THE INPUT -

:::

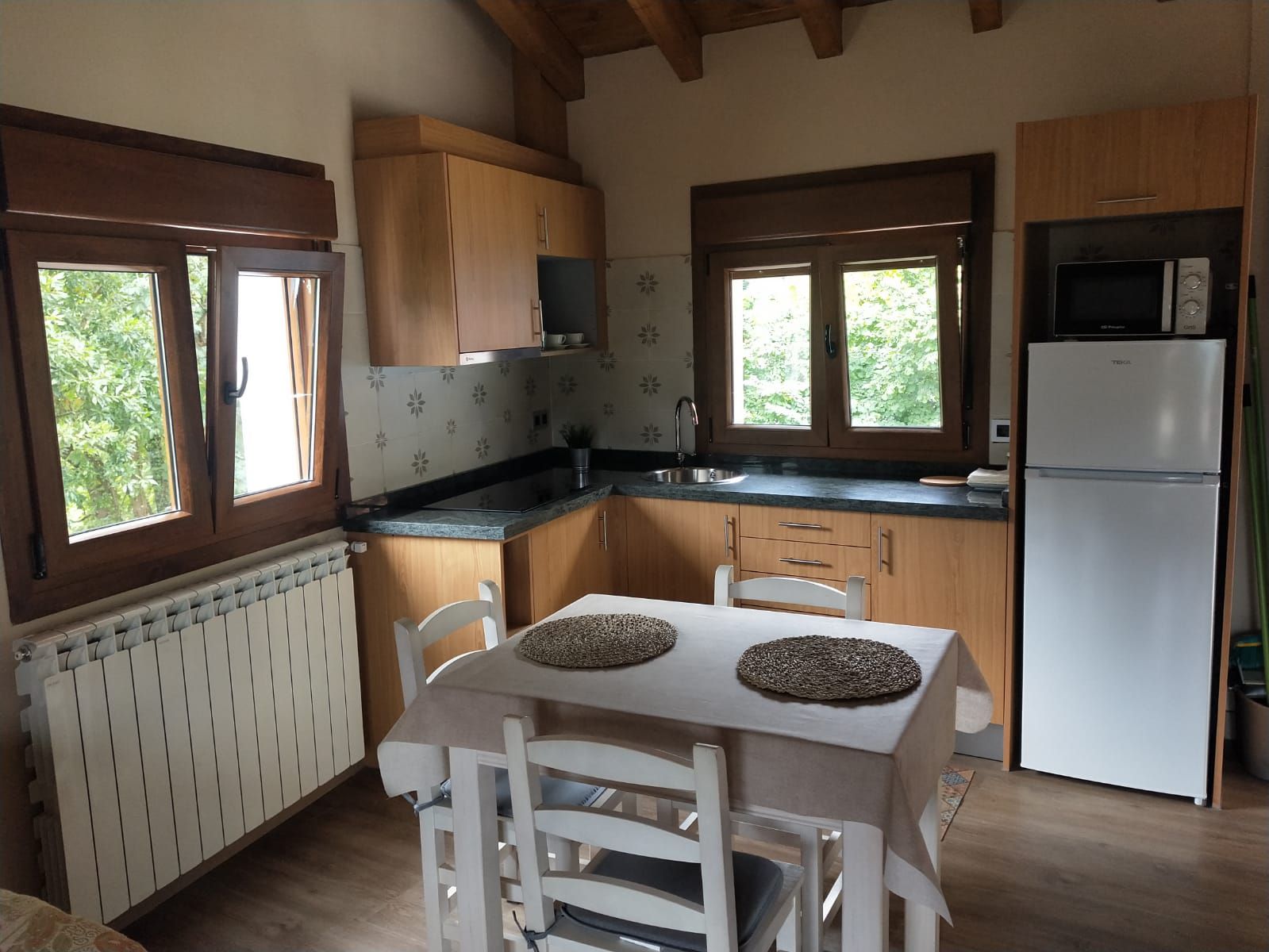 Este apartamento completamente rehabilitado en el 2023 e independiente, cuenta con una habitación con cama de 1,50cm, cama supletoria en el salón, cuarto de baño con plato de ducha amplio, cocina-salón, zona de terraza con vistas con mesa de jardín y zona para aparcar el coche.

:::

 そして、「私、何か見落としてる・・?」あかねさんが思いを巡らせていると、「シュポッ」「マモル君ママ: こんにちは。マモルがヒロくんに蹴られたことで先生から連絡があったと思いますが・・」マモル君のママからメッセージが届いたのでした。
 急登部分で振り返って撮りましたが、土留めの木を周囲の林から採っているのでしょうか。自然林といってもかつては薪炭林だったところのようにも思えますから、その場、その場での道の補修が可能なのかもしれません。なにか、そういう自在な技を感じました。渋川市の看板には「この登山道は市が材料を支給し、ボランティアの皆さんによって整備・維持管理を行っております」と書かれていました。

:::

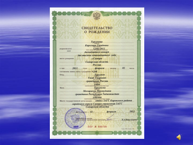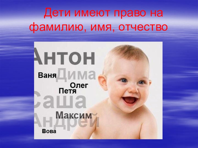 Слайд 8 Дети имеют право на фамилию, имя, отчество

:::

ASSIGNED TASK - Return only the lines between the one holding "そして、「私、何か見落として" and the one holding "急登部分で振り返って撮りまし", inclusive, exactly as they appear above.

THE ANSWER -
 そして、「私、何か見落としてる・・?」あかねさんが思いを巡らせていると、「シュポッ」「マモル君ママ: こんにちは。マモルがヒロくんに蹴られたことで先生から連絡があったと思いますが・・」マモル君のママからメッセージが届いたのでした。
 急登部分で振り返って撮りましたが、土留めの木を周囲の林から採っているのでしょうか。自然林といってもかつては薪炭林だったところのようにも思えますから、その場、その場での道の補修が可能なのかもしれません。なにか、そういう自在な技を感じました。渋川市の看板には「この登山道は市が材料を支給し、ボランティアの皆さんによって整備・維持管理を行っております」と書かれていました。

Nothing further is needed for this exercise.